The National Zoo’s history with pandas dates back to 1972, when the Chinese government gave a pair — male Hsing-Hsing and female Ling-Ling — as a gift to commemorate President Richard Nixon’s historic diplomatic visit to China. The pair became one of the zoo’s most popular attractions for decades, although they never successfully managed to breed.

Panda births are inherently tricky, with stillbirths and miscarriages happening frequently, and Ling-Ling gave birth to five cubs over the years but none survived. Ling-Ling died in 1992 and Hsing-Hsing, suffering from multiple age-related illnesses, was euthanized in 1999.

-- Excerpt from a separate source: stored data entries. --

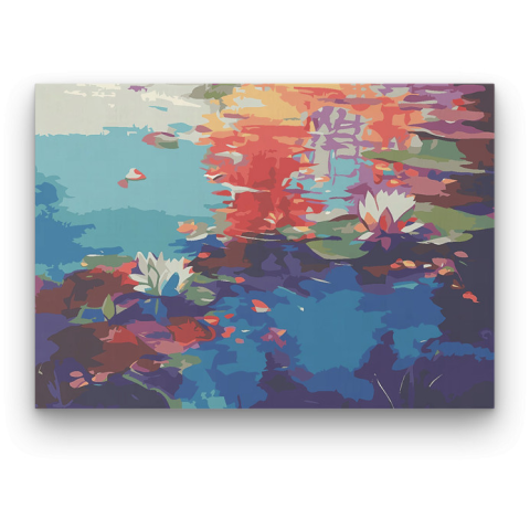 Gyönyörű Tavirózsák - számfestő készlet – 40×50 cm (Keret nélkül) A festmény élénk színei nyugalmat és harmóniát árasztanak, mintha egy varázslatos tó partján állnánk. Az elmosódott fények és formák mesés történeteket idéznek fel, melyek a természet titok
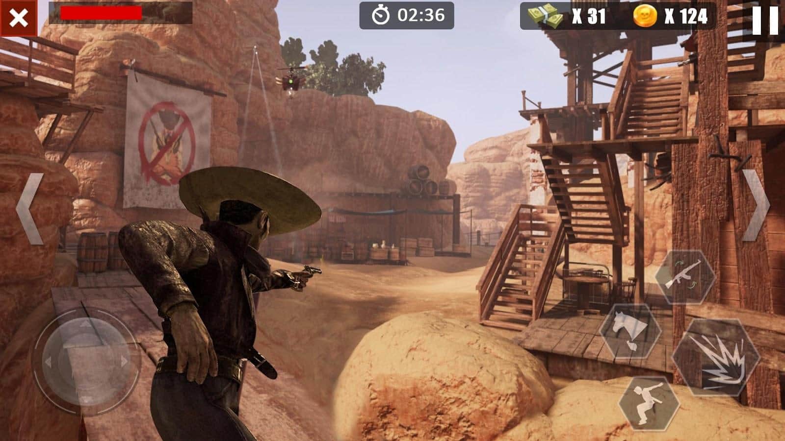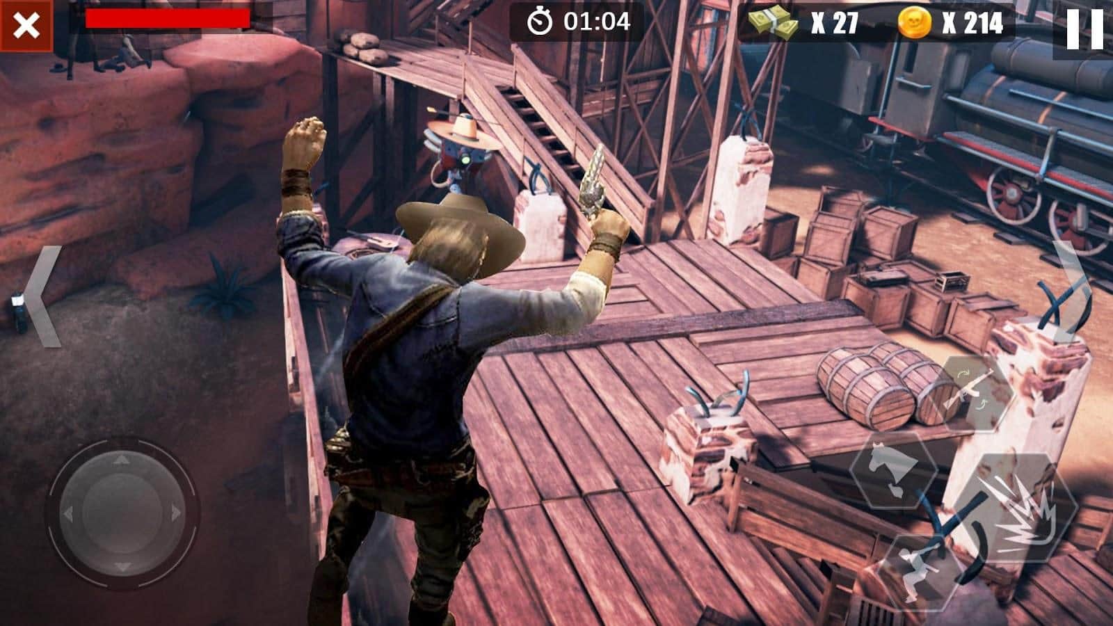 Aventura de Vaqueros – un juego de aventura para Android donde controlas a un vaquero en el Viejo Oeste. Estos lugares son praderas americanas habitadas por algunos gánsteres, bandidos y cazadores de recompensas, incluso el Sheriff puede venderte por una pequeña cantidad de dinero. Toma el control de un vaquero y viaja a las minas de oro del Klondike y el Yukón. Completa misiones y tareas peligrosas del juego y obtén recompensas y bonificaciones. Prueba tus habilidades en el papel de un cazador de recompensas y demuestra tu destreza con las armas. Participa en tiroteos con bandas de la mafia y sobrevive en el peligroso entorno del mundo occidental.
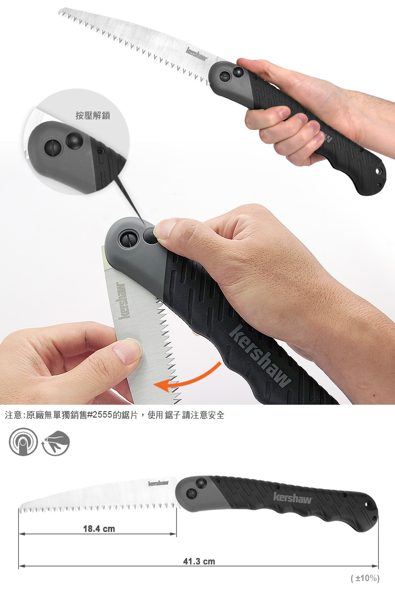 品名:Kershaw TASKMASTER SAW折鋸 型號:2555 鋼材: 高碳鋼 柄材: 玻璃填充尼龍,橡膠覆蓋 刃長 ( ±10﹪):18.4cm 全長 ( ±10﹪):41.3cm 重量 ( ±10﹪):260.8g
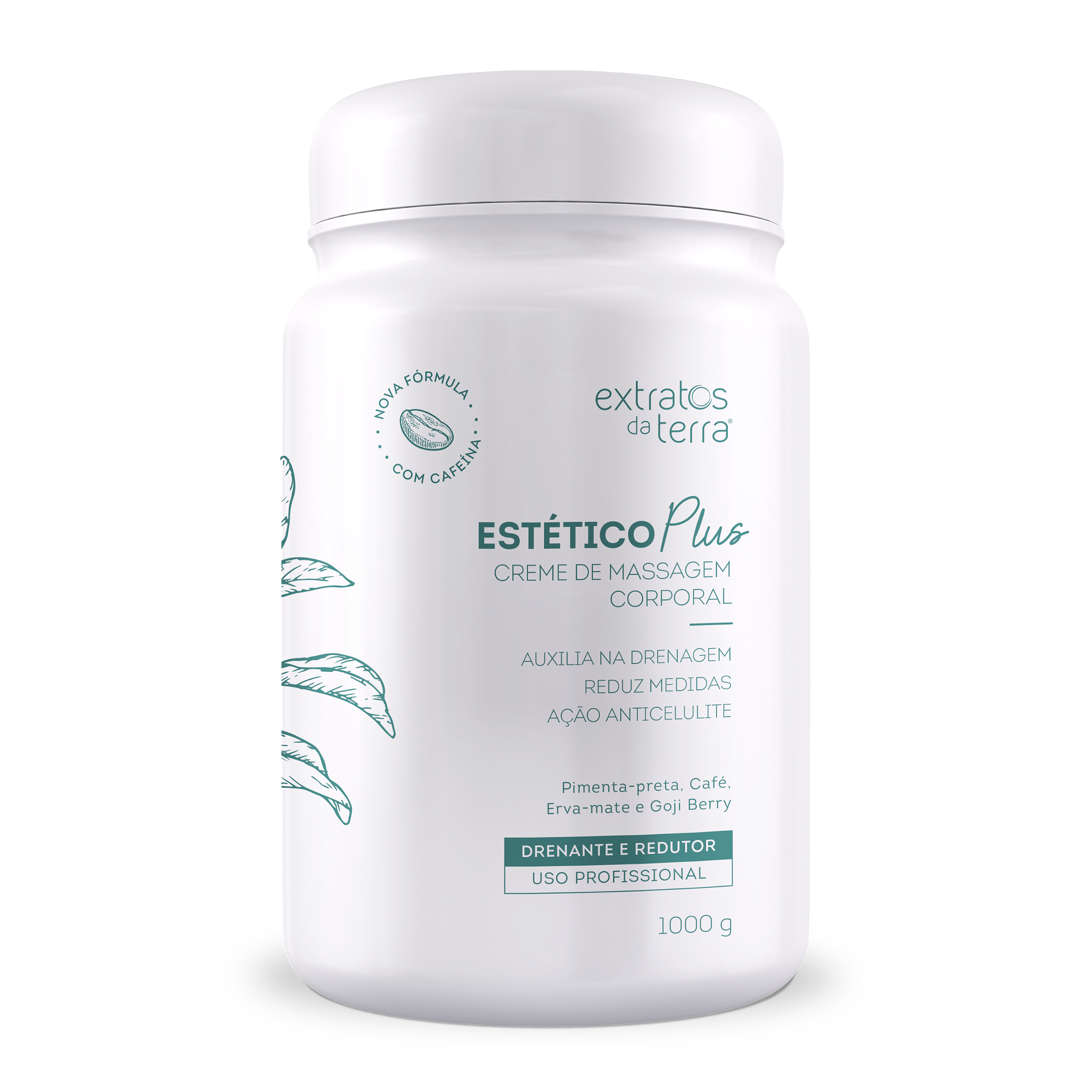 O novo Estético, além do complexo drenante constituído pelos extratos de pimenta-preta, erva-mate e goji berry, possui também o extrato de café, que auxilia na redução das células de gordura, na redução de medidas e no tratamento de celulites.
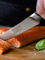 The Robert Welch 16cm Professional Flexible Utility Knife has a flexible blade, for skinning and filleting fish or boning and carving meat and poultry. With an ice-hardened, precision-sharpened blade fully forged from high-quality German stainless steel with a hand-applied 15° edge for a harder, more resilient blade with exceptional, lasting sharpness, and a classically shaped handle, the added flexibility ensures ease of handling around the bone and makes more precise cuts to help reduce any damage to delicate flesh.
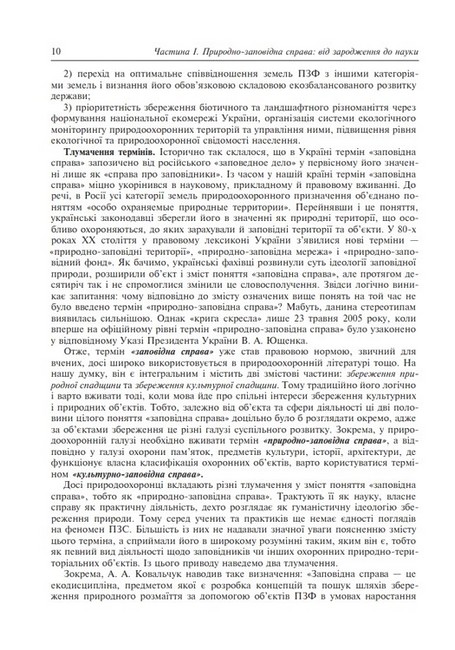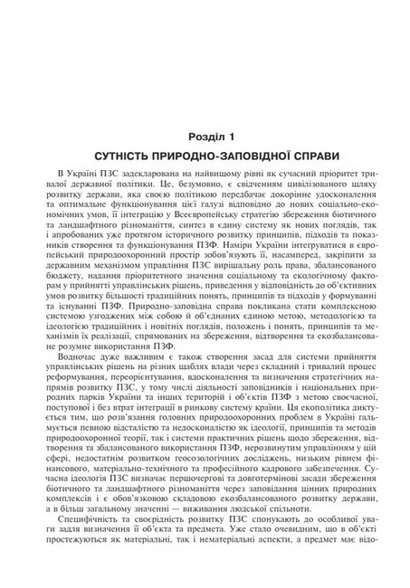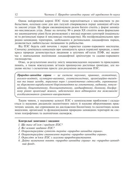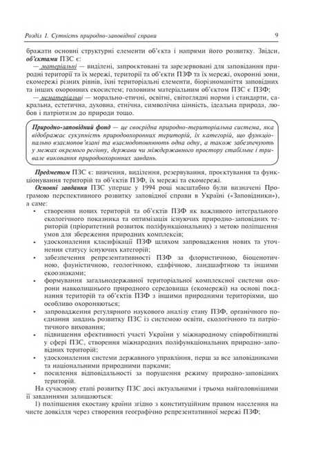 У підручнику з урахуванням зарубіжного досвіду на сучасному науковому та еколого-освітньому рівнях узагальнено знання з теорії та практики природно-заповідної справи. Висвітлено актуальність, історію, особливості заповідної науки, класифікації, формування, функціонування та системні основи організації оптимальної структури природно-заповідних територій та їх мереж, природоохоронної діяльності установ природно-заповідного фонду. Акцентується увага на новітніх знаннях про екомережу та екозбалансований розвиток системи природно-заповідних територій.
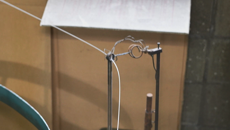 針金を送り出すことで、美しいらせんが作られる。まるでばねが生きているような動きだ。

The current pair came to Washington almost exactly 20 years ago in December 2000 as a long-term loan. Three of their cubs have survived to adulthood and were each returned to China, under terms of the zoo’s agreement, at age three. The fourth cub, three-month-old Xiao Qi Ji (shee-OW-chee-jee), was born in August amid great fanfare and just took his first steps over the Thanksgiving holiday, Meyer said.

Mei Xiang, 22, and Tian Tian, 23, are both well into panda middle age. Giant pandas tend to live 15-20 years in the wild and 25-30 years in captivity. Mei Xiang is the oldest giant panda to successfully give birth outside of China.

For now, panda enthusiasts will have to turn to the zoo’s popular Panda-cam for glimpses of the family. The zoo, which closed in March due to the COVID-19 pandemic and reopened on a limited basis in July, closed down for a second time on Nov. 23 as virus numbers spiked locally and around the country.